Fitzgerald searched the purse before ascertaining the owner. Cf. State v. Suazo, 133 N.J. 315, 322 (1993) (recognizing police should determine which occupants of a vehicle own bags found therein before obtaining consent from the driver to search the bags). N.S. did not move to suppress any evidence seized from the car, and that issue is not before us. We therefore express no opinion regarding the validity of the search.

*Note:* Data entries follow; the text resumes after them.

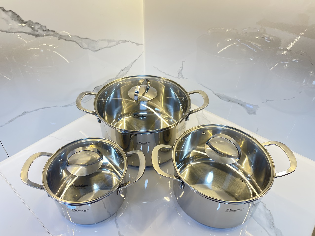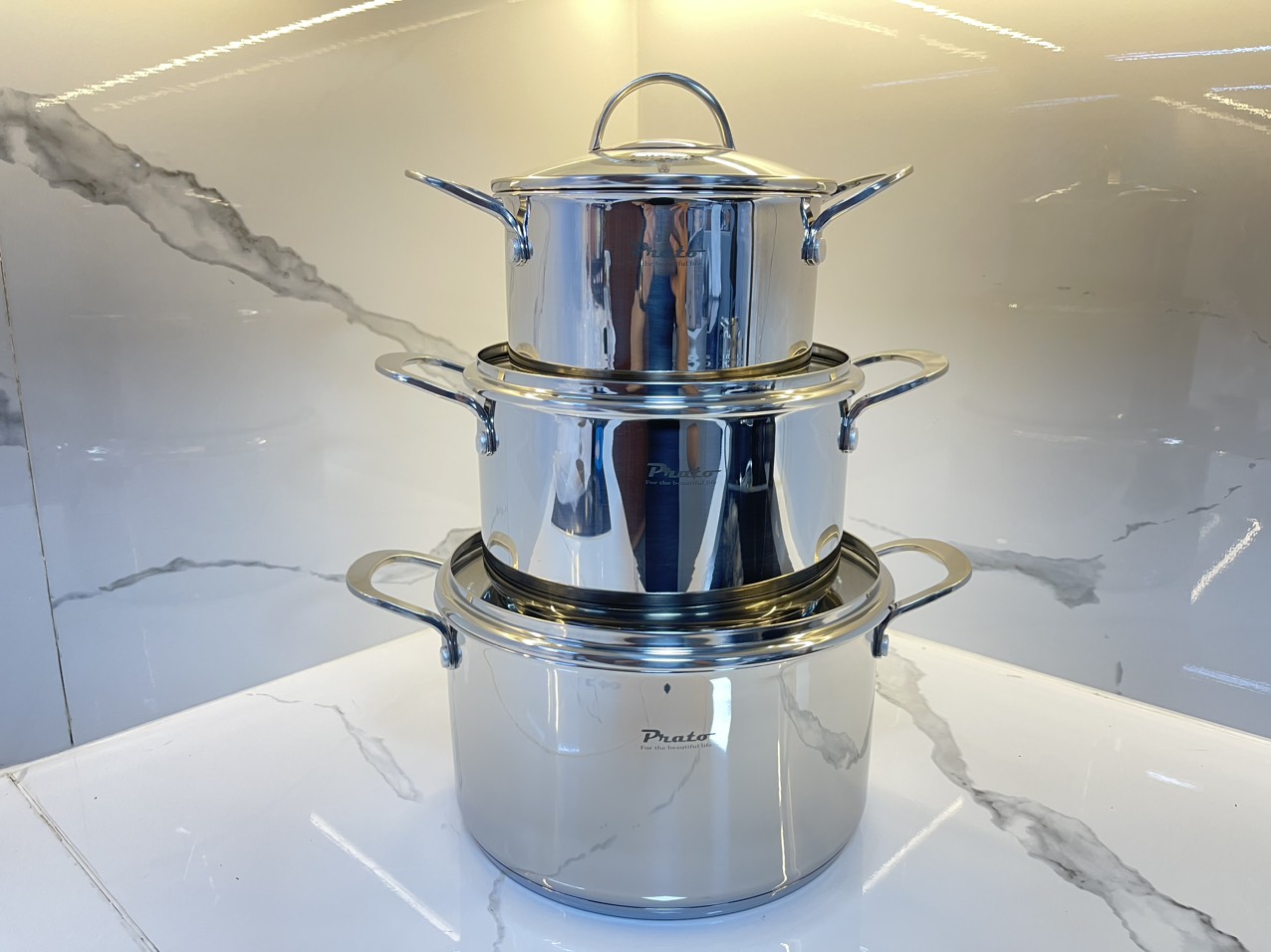 Bộ nồi Prato GOLDEN sử dụng chất liệu thép không gỉ 18/10 không chỉ đảm bảo tính an toàn tiếp xúc thực phẩm mà còn mang lại độ bền vững và khả năng chống ăn mòn cao.
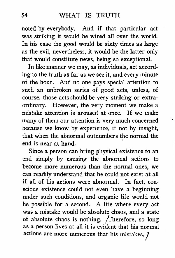 Since a person can bring physical existence to an end simply by causing the abnormal actions to become more numerous than the normal ones, we can readily understand that he could not exist at all if all of his actions were abnormal. In fact, conscious existence could not even have a beginning under such conditions, and organic life would not be possible for a second. A life where every act was a mistake would be absolute chaos, and a state of absolute chaos is nothing. Therefore, so long as a person lives at all it is evident that his normal actions are more numerous that his mistakes.
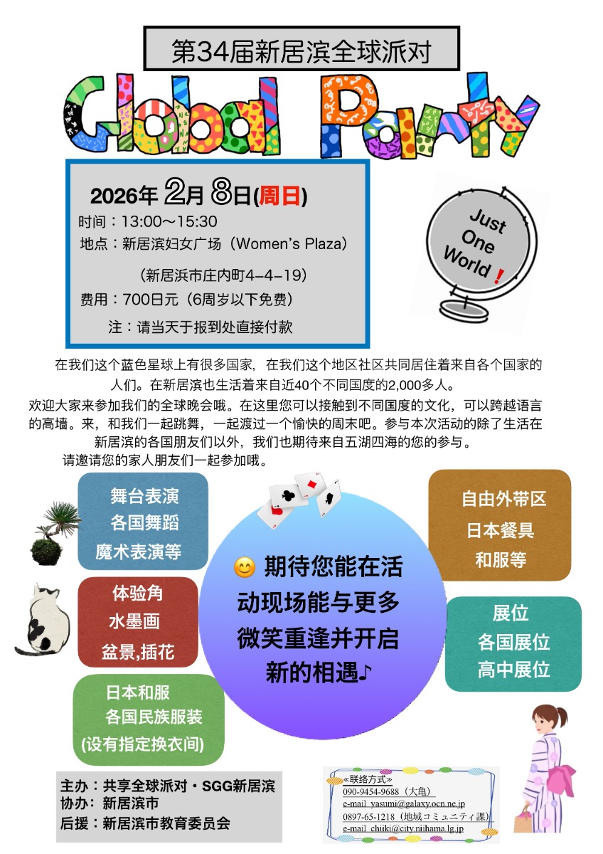 - お問い合わせ: グローバルパーティーを楽しもう会(大亀)/新居浜市地域コミュニティ課
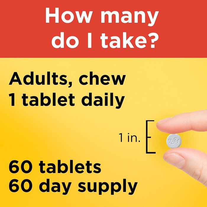 A: Adults should chew 1 tablet daily with a meal and water.
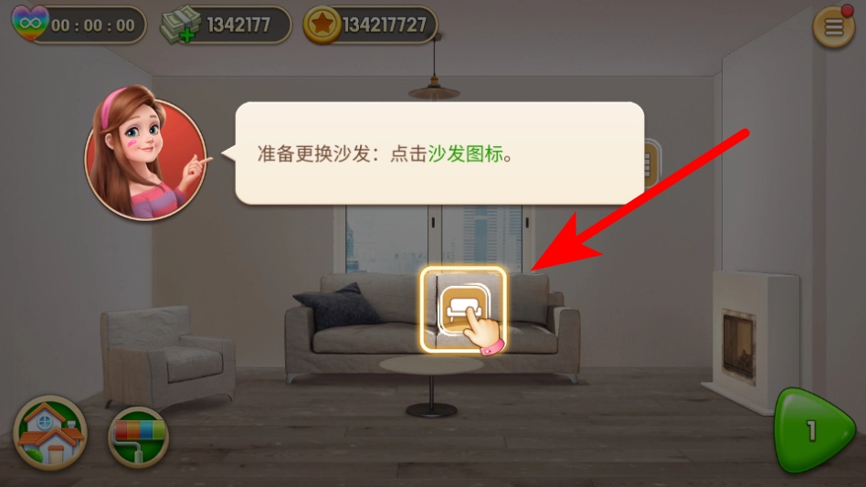 1、在裝扮界面點擊沙發對應的圖標,進入沙發的更換選擇界面,準備替換當前家具。
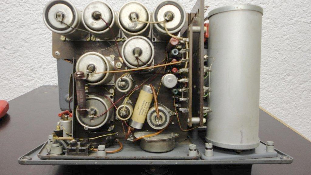 Hier 4 Bilder meines eigenen Gerätes mit dem ersetzten Netztrafo und vielen fehlenden Kondensatoren auf der Chassis-Unterseite. (Es fehlen die Kondensatoren mit den Teilenummern: C17, C18 C20, C21, C22 und C23) Das Poti für die Ausgangsspannungsregelung wurde übrigens auch ersetzt.
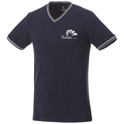T-shirt maille piquée manches courtes homme Elbert - col V et poignets à côtes contrastées - 100% coton, 180 g/m²
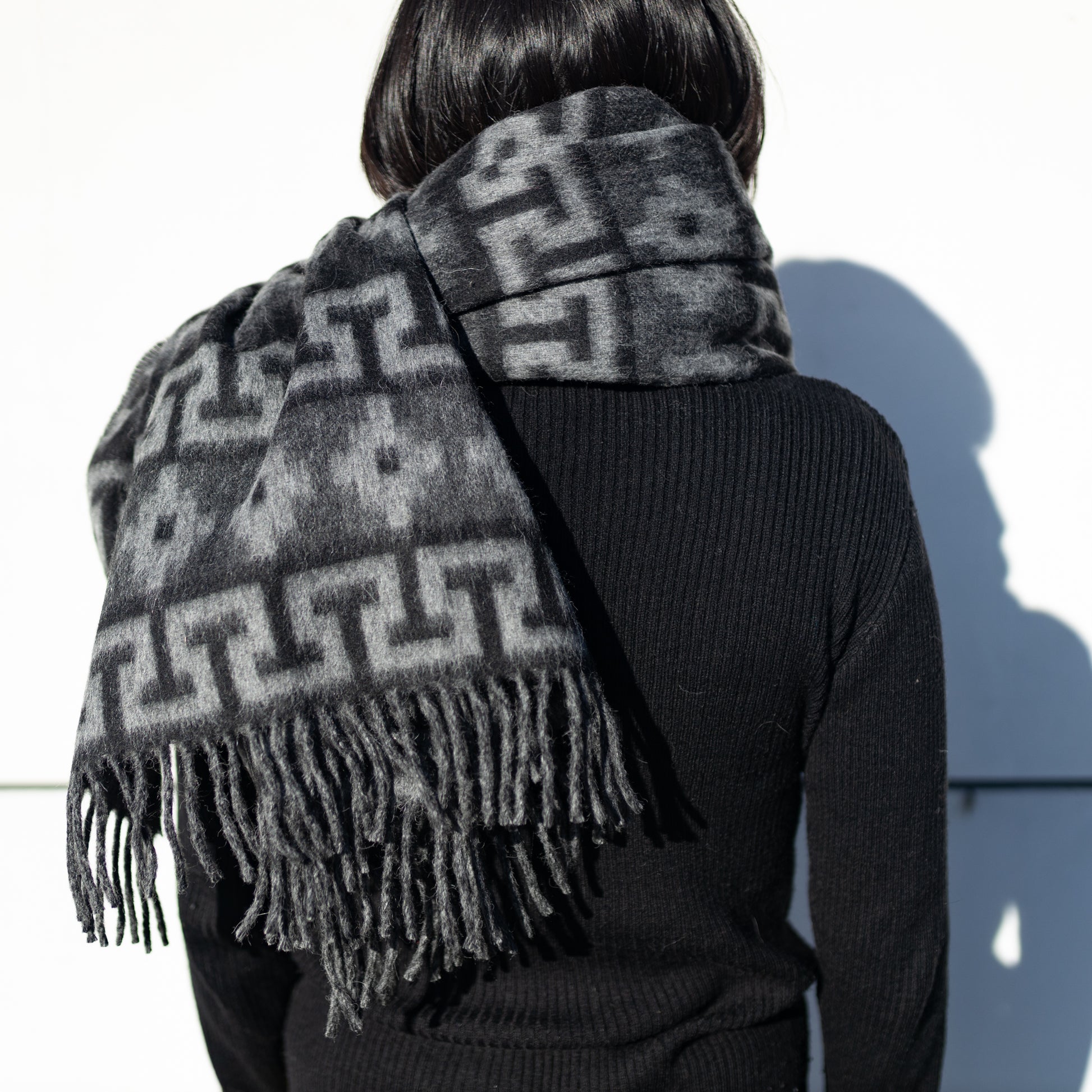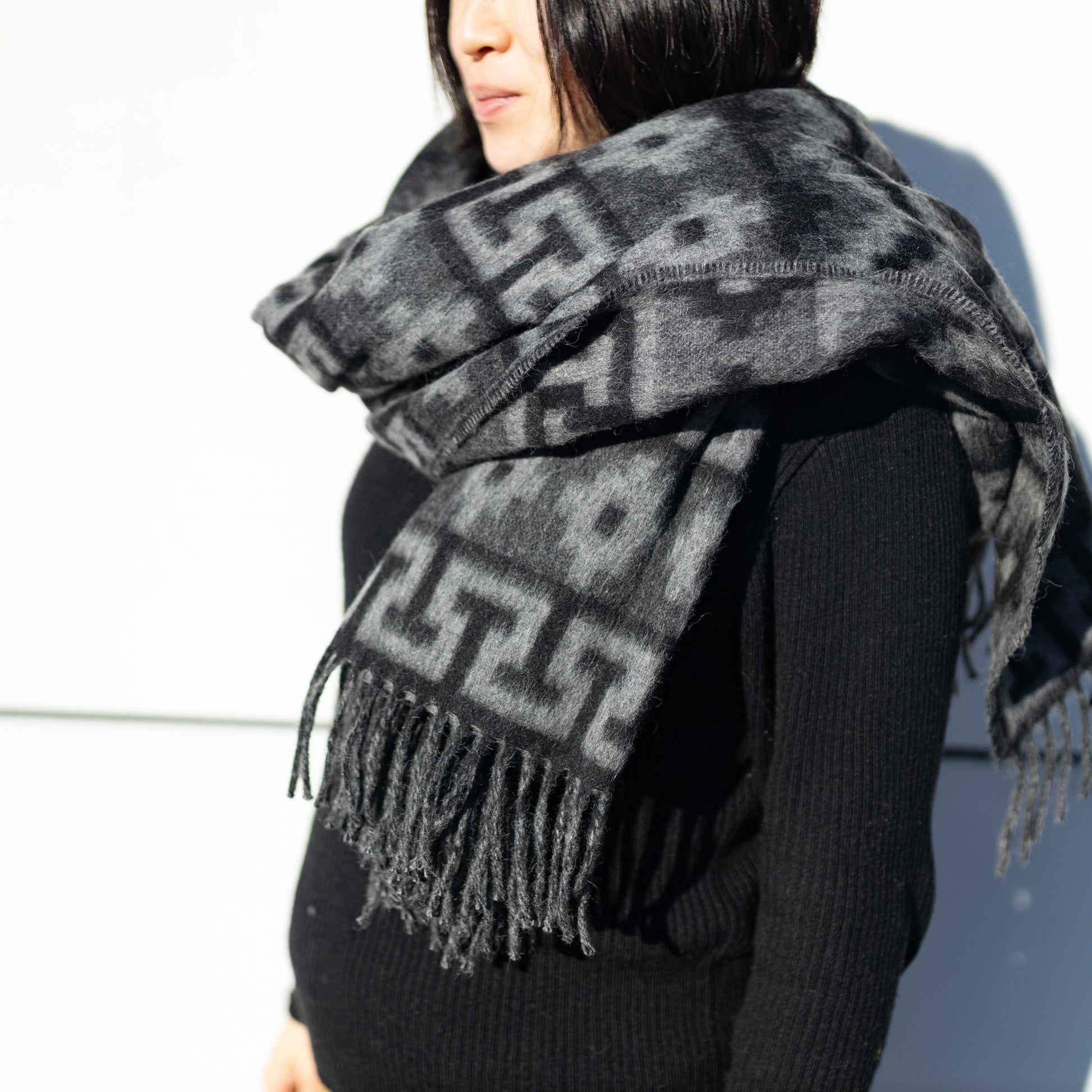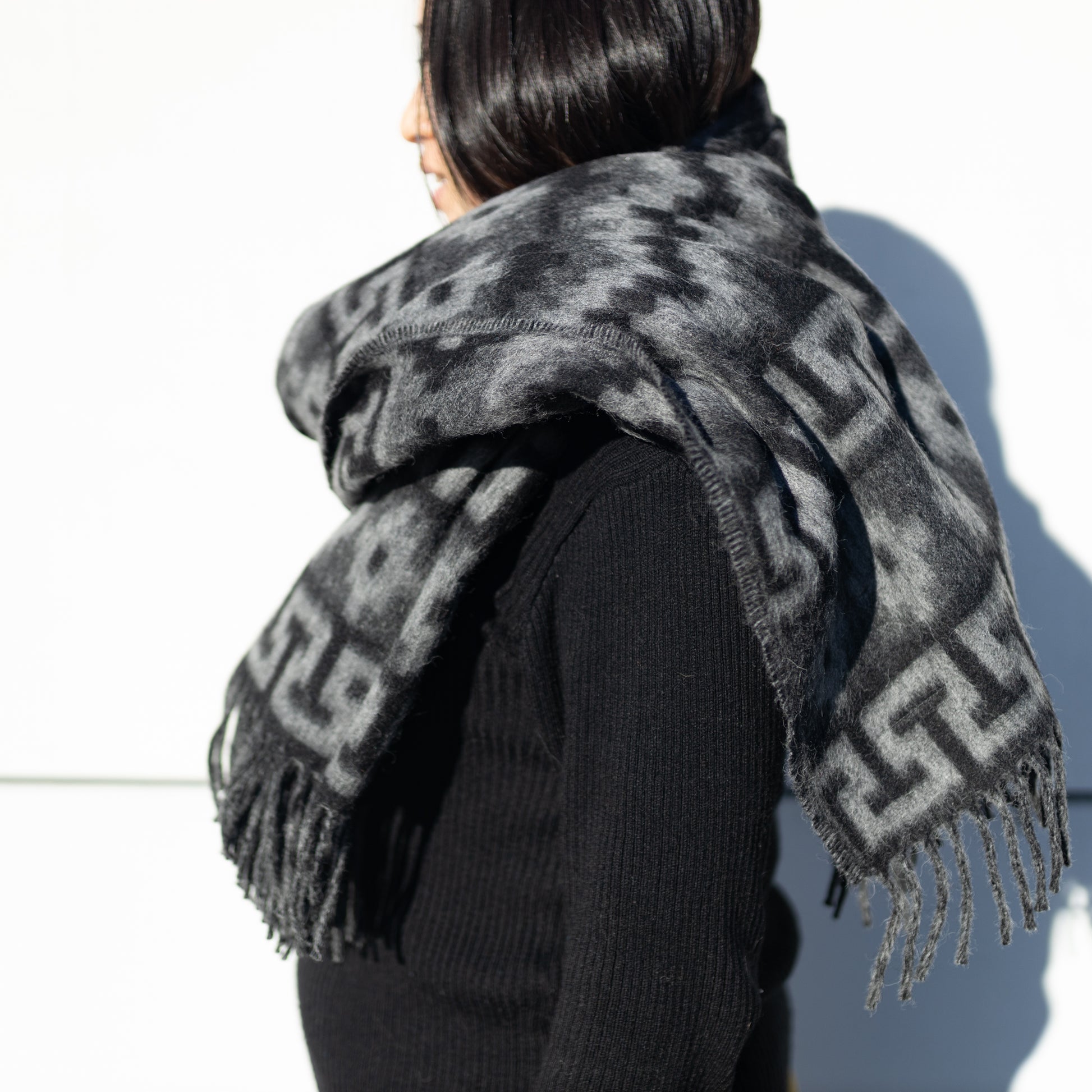 アルパカウール大判ストール (インカ柄)|ブラック×グレー

Following summations, the trial judge issued an oral decision, granting the State's motion to admit N.S.'s statements at trial. The judge found N.S. was "detained at [the] time" but "[s]he was not in custody" when she provided her statements. Rather, N.S. "was questioned at the traffic stop . . . to find out basic information." Further, "all the questions only pertain[ed] to the purse and its . . . contents." According to the judge, "even if [N.S.] was in custody, she was read her Miranda rights and she clearly and voluntarily [and] knowingly waived her Miranda rights [as] shown on the body cam." The court concluded that "the totality of the circumstances . . . makes it clear [N.S.] did not need a parent present while making these statements" and N.S.'s "waiver of her Miranda rights was completely voluntary."

II.

We deferentially review a trial court's factual findings regarding a defendant's waiver of his or her right to remain silent. See State v. Tillery, 238 N.J. 293, 314 (2019). Those findings should be disturbed only if they are "so clearly mistaken that the interests of justice demand intervention and correction." Ibid. (internal quotation marks omitted). Legal conclusions, however, are reviewed de novo. Ibid.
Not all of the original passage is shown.